First install the MongoDB Connector for BI.  It should install into the C:\Program Files\MongoDB\Connector for BI\2.14\bin folder on your hard drive.  You will need to open a command prompt to that location.  You will see the following executable files listed here.

Schema

MongoDB cannot just serve up the hieratical objects without help.  You will need to create a schema to export from MongoDB for SQL Server to read.  The mongodrdl is a relational schema management tool for the MongoDB Connector for BI.  The mongodrdl binary can:

  • Produce a schema based on the contents of one or more MongoDB collections and write them out into .drdl files used by mongosqld.
  • Upload a .drdl file’s schema to the MongoDB deployment your BI Connector is reading from.
  • Download stored schemas from your MongoDB deployment.
  • Delete stored schemas from your MongoDB deployment.
  • Name stored schemas in your MongoDB deployment for easier management.

My collection of employees and each employee can have one or more vehicles.  Here is the classes that I will be using to store each item.

class Employee
{
	public int EmployeeId { get; set; }
	public string FirstName { get; set; }
	public string LastName { get; set; }
	public string Email { get; set; }
	public Gender Gender { get; set; }
	public string Country { get; set; }
	public Vehicle[] Vehicles { get; set; }
}

class Vehicle
{
	public int VehicleId { get; set; }
	public string Make { get; set; }
	public string Model { get; set; }
	public string Color { get; set; }
	public string License { get; set; }
}

public enum Gender { Male, Female };
 

I have created several instances of the Employee class with their vehicles.  I then add these items to my Employees collection in MongoDB.  I have not show this step for brevity sake.

MongoDB Compass showing the Employees collection as a tree

Now that I have data in my MongoDB collection, I will use the Mongo Schema tool to export out the basic schema based on the existing data.  The .drdl file is a YAML based file so treat it as such.

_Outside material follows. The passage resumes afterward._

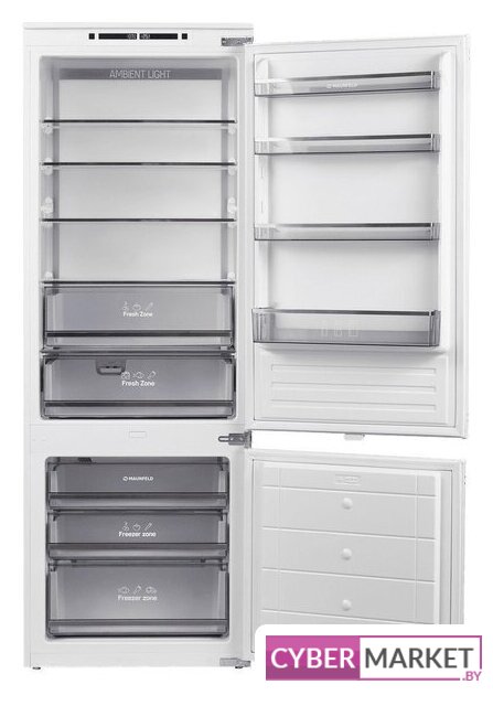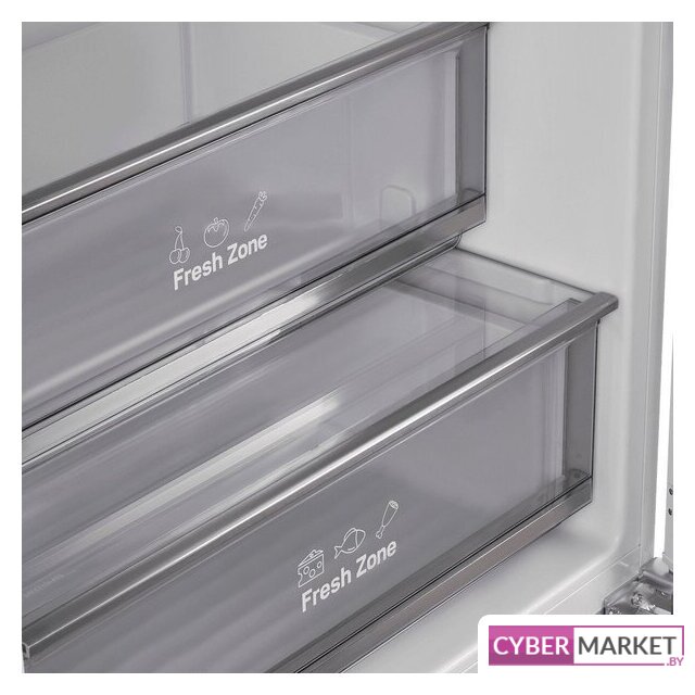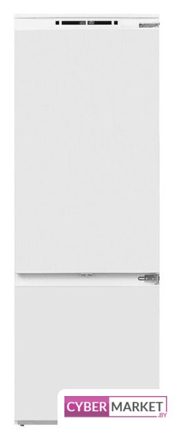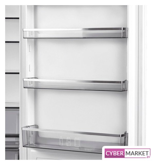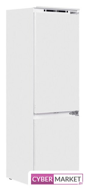 встраиваемый, полный No Frost, электронное управление, полезный объём: 298 л (224 + 74 л), инверторный компрессор, зона свежести, перенавешиваемые двери, полка для вина, лоток для яиц, 54x55x193.5 см, белый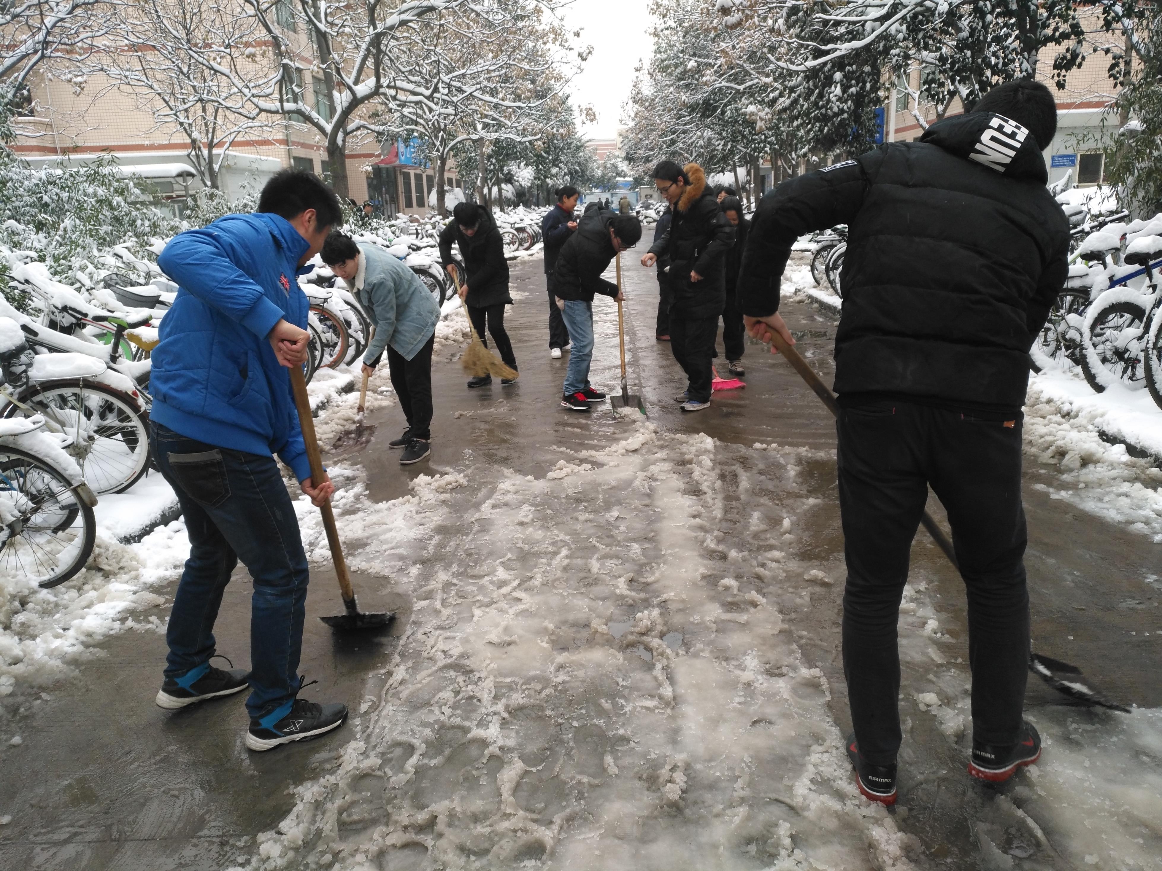 忽如一夜春风来,千树万树梨花开。一场大雪给校园带来惊喜和美丽的同时,也带来了一些出行不便。为了清除道路积雪,方便师生出行,开云kaiyun官网团委组织团员青年志愿者于1月4、5日集中清扫了学院学生宿舍楼和学院楼附近道路的积雪。

You should write out the schema to a text file using the following command:

mongodrdl.exe /db MongoIdentityTestDb /collection Employees /out schema.drdl

The contents of the schema.drdl are in YAML format and should look like the following:

schema:
- db: MongoIdentityTestDb
  tables:
  - table: Employees
    collection: Employees
    pipeline: []
    columns:
    - Name: _id
      MongoType: bson.ObjectId
      SqlName: _id
      SqlType: objectid
    - Name: Country
      MongoType: string
      SqlName: Country
      SqlType: varchar
    - Name: Email
      MongoType: string
      SqlName: Email
      SqlType: varchar
    - Name: EmployeeId
      MongoType: int
      SqlName: EmployeeId
      SqlType: int
    - Name: FirstName
      MongoType: string
      SqlName: FirstName
      SqlType: varchar
    - Name: Gender
      MongoType: int
      SqlName: Gender
      SqlType: int
    - Name: LastName
      MongoType: string
      SqlName: LastName
      SqlType: varchar
  - table: Employees_Vehicles
    collection: Employees
    pipeline:
    - $match:
        Vehicles:
          $ne: []
    - $unwind:
        includeArrayIndex: Vehicles_idx
        path: $Vehicles
        preserveNullAndEmptyArrays: true
    - $addFields:
        Vehicles:
          $cond:
          - $eq:
            - $type: $Vehicles
            - object
          - null
          - $Vehicles
        Vehicles_DOT_Color:
          $cond:
          - $eq:
            - $type: $Vehicles
            - object
          - $Vehicles.Color
          - null
        Vehicles_DOT_License:
          $cond:
          - $eq:
            - $type: $Vehicles
            - object
          - $Vehicles.License
          - null
        Vehicles_DOT_Make:
          $cond:
          - $eq:
            - $type: $Vehicles
            - object
          - $Vehicles.Make
          - null
        Vehicles_DOT_Model:
          $cond:
          - $eq:
            - $type: $Vehicles
            - object
          - $Vehicles.Model
          - null
        Vehicles_DOT_VehicleId:
          $cond:
          - $eq:
            - $type: $Vehicles
            - object
          - $Vehicles.VehicleId
          - null
    columns:
    - Name: _id
      MongoType: bson.ObjectId
      SqlName: _id
      SqlType: objectid
    - Name: Vehicles
      MongoType: string
      SqlName: Vehicles
      SqlType: varchar
    - Name: Vehicles_DOT_Color
      MongoType: string
      SqlName: Vehicles.Color
      SqlType: varchar
    - Name: Vehicles_DOT_License
      MongoType: string
      SqlName: Vehicles.License
      SqlType: varchar
    - Name: Vehicles_DOT_Make
      MongoType: string
      SqlName: Vehicles.Make
      SqlType: varchar
    - Name: Vehicles_DOT_Model
      MongoType: string
      SqlName: Vehicles.Model
      SqlType: varchar
    - Name: Vehicles_DOT_VehicleId
      MongoType: int
      SqlName: Vehicles.VehicleId
      SqlType: int
    - Name: Vehicles_idx
      MongoType: int
      SqlName: Vehicles_idx
      SqlType: int
 

SQL Daemon

Now that I have created a basic schema file for MongoDB to use, I need to allow MongoDB to accept SQL commands.  The SQL Daemon listens on a port for incoming requests and it then proxies those requests to your MongoDB server. 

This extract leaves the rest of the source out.